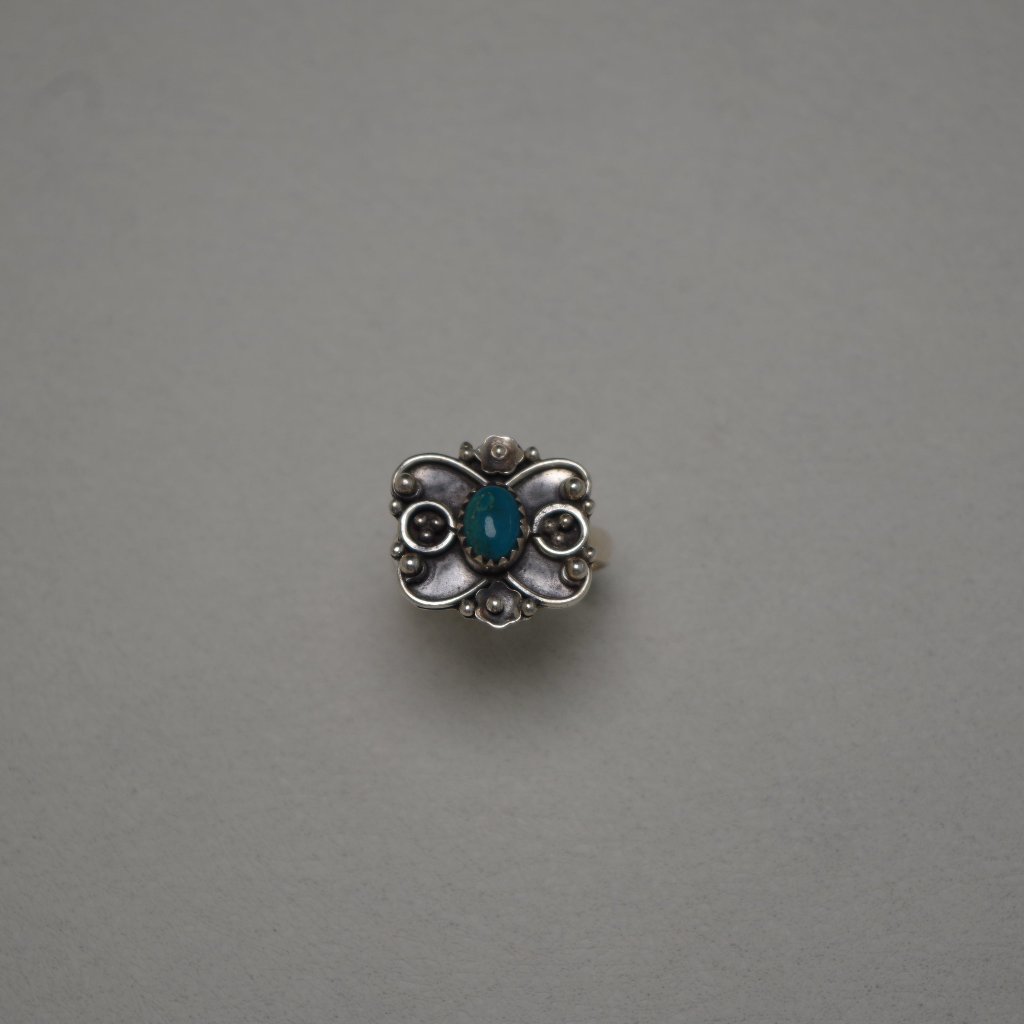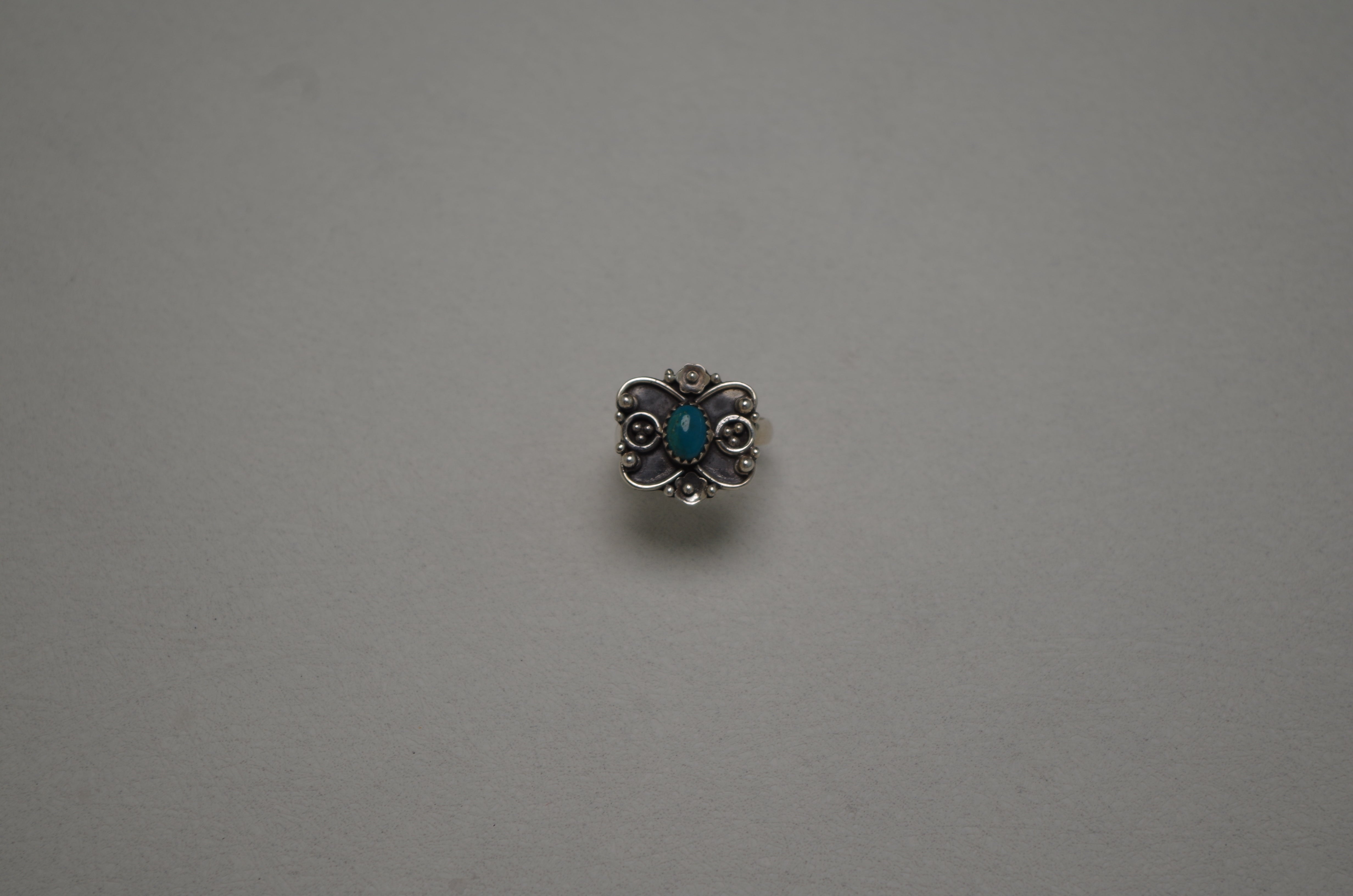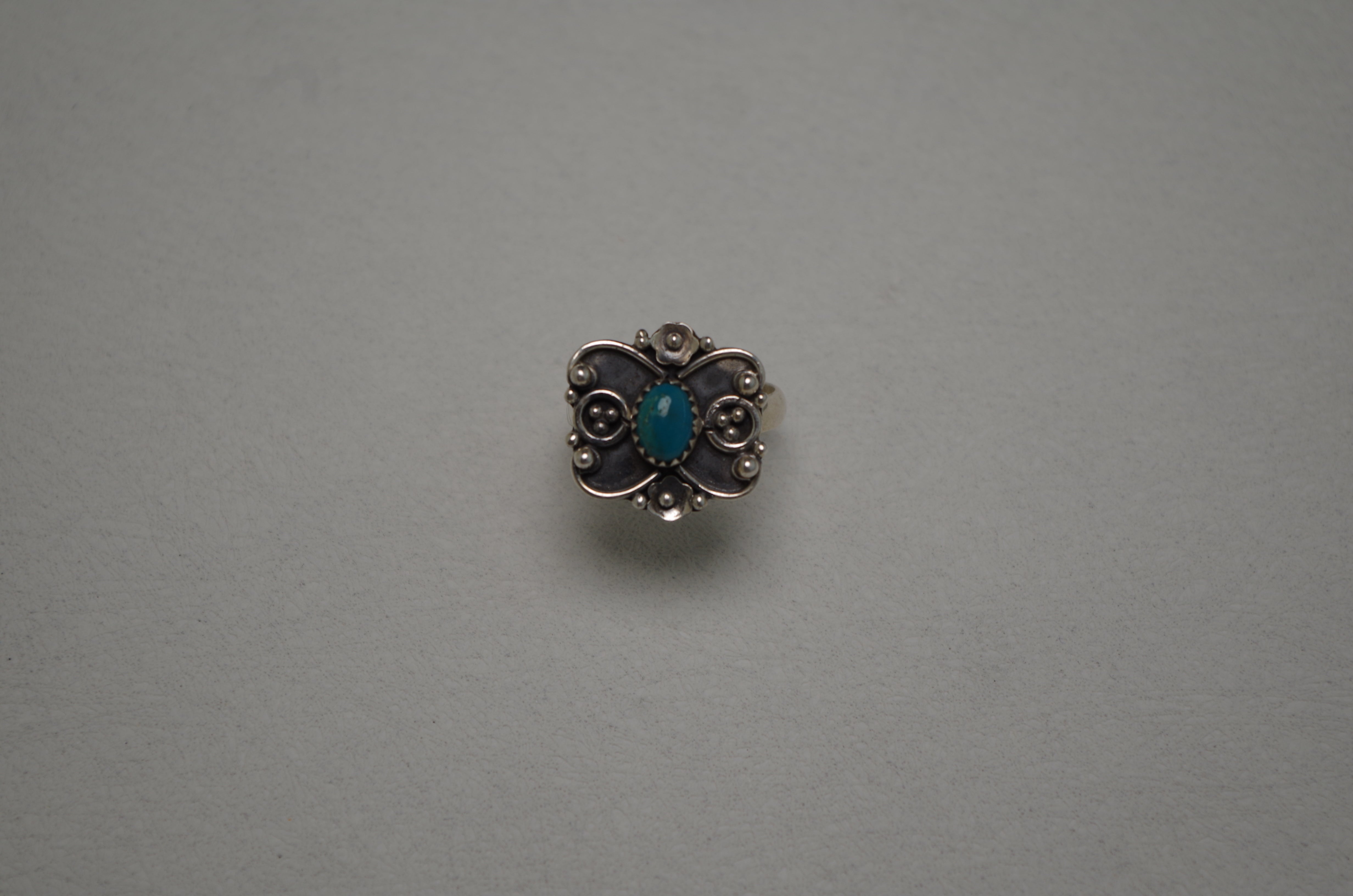 - beautiful rich blue turquoise stone set in an oxidized antique inspired 925 Sterling Silver setting
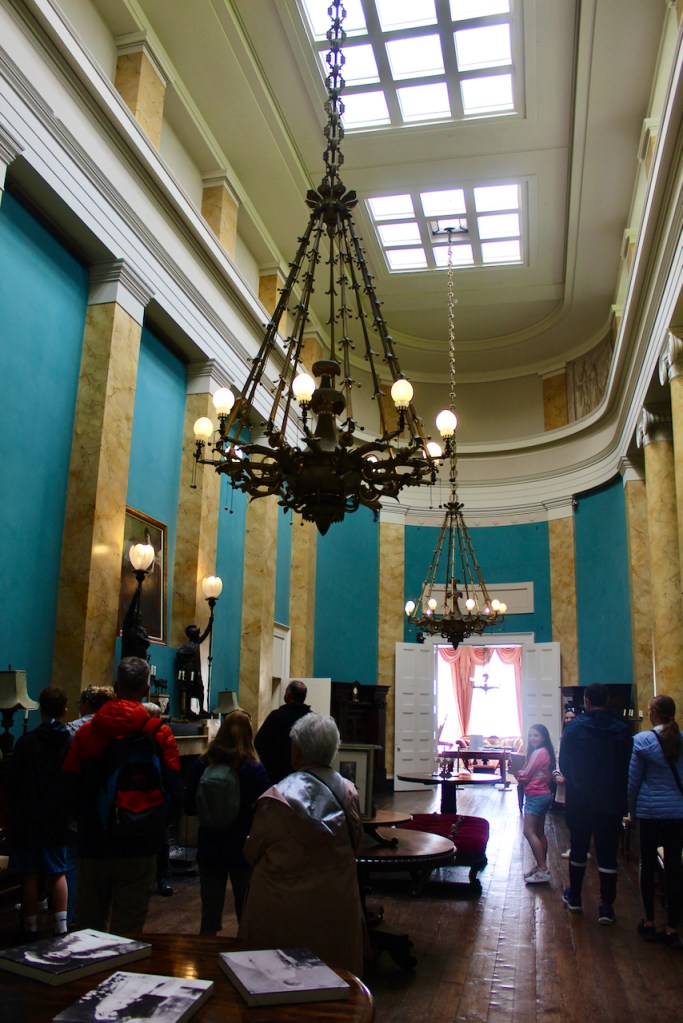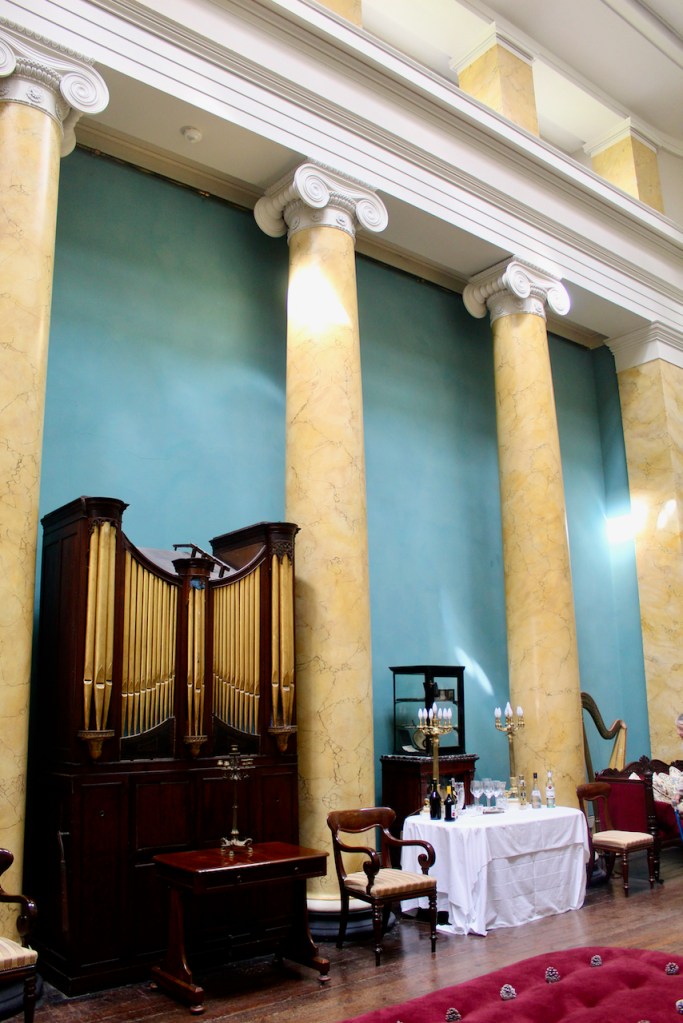 Upstairs is the music gallery. Mark Bence-Jones describes it as a vast apse-ended gallery (an apse is an area with curved walls at the end of a building, usually at the the east end of a church), lit by a clerestory (a clerestory is a high section of wall that contains windows above eye level) and skylights, with engaged Doric piers along one side, and Ionic columns along the other. It was hard to capture in a photograph since we were on a tour.
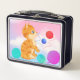 Casilla para el almuerzo con un gatito jugando con bolas de hilo de diferentes colores.
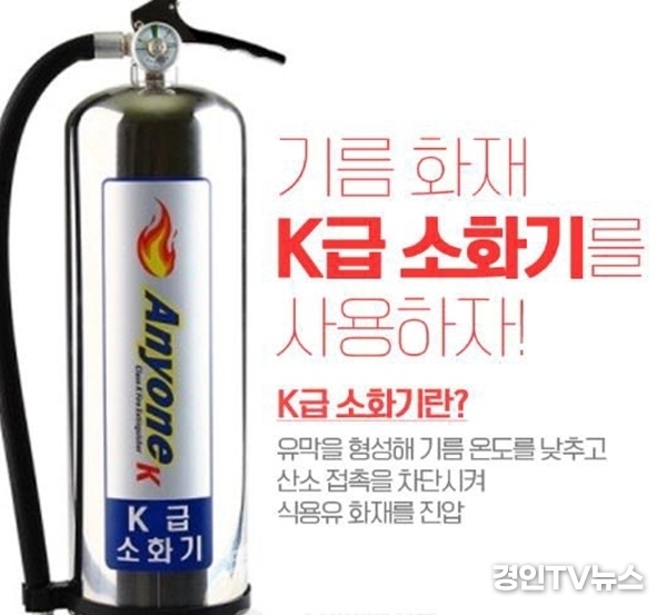 [ 경인TV뉴스 주재영 기자 ] 인천 계양소방서(서장 강한석)는 일반음식점 주방 유류 화재로 인한 인명ㆍ재산피해에 대비해 식용유 화재에 적응성이 우수한 K급 소화기를 의무적으로 비치하길 당부한다고 11일 밝혔다.
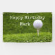 Golf ball is on tee on green grass background banner
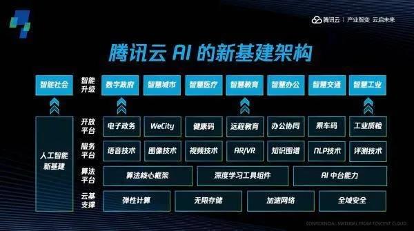 基于騰訊云、企業(yè)微信等社交連接工具,騰訊布局AI新基建全景。騰訊云AI新基建整體布局為“一云三平臺”架構。一云是騰訊云,三平臺包括算法平臺、服務平臺以及開放平臺。
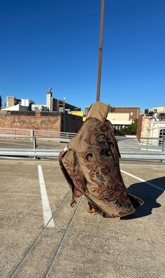 NEW Hooded Winter Open Front Poncho Coat -  Chocolate Tan Black Blend Ships 10/30
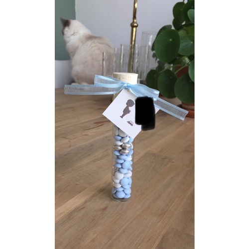 Ik had dat bij de eerste wel gedaan. Kleine kartonnen doosjes met snoepjes erin. Maar deze keer met een drukke peuter, heb ik daar geen tijd en energie voor. Bij de eerste vond ik het wel leuk om mee bezig te zijn in mijn verlof!
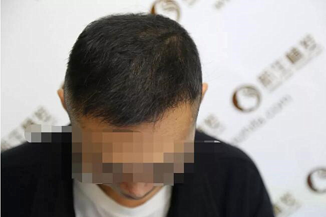 术前:前额脱发严重并延伸至头顶,头皮清晰可见,实际25岁的他,看上去还以为已经三四十岁呢!

● **TO DO**
Here the requirement is to restate exactly the line holding "Golf ball is" and every later line through the end of the material, omitting pictures.

● **COMPLETED EXERCISE**
 Golf ball is on tee on green grass background banner
 基于騰訊云、企業(yè)微信等社交連接工具,騰訊布局AI新基建全景。騰訊云AI新基建整體布局為“一云三平臺”架構。一云是騰訊云,三平臺包括算法平臺、服務平臺以及開放平臺。
 NEW Hooded Winter Open Front Poncho Coat -  Chocolate Tan Black Blend Ships 10/30
 Ik had dat bij de eerste wel gedaan. Kleine kartonnen doosjes met snoepjes erin. Maar deze keer met een drukke peuter, heb ik daar geen tijd en energie voor. Bij de eerste vond ik het wel leuk om mee bezig te zijn in mijn verlof!
 术前:前额脱发严重并延伸至头顶,头皮清晰可见,实际25岁的他,看上去还以为已经三四十岁呢!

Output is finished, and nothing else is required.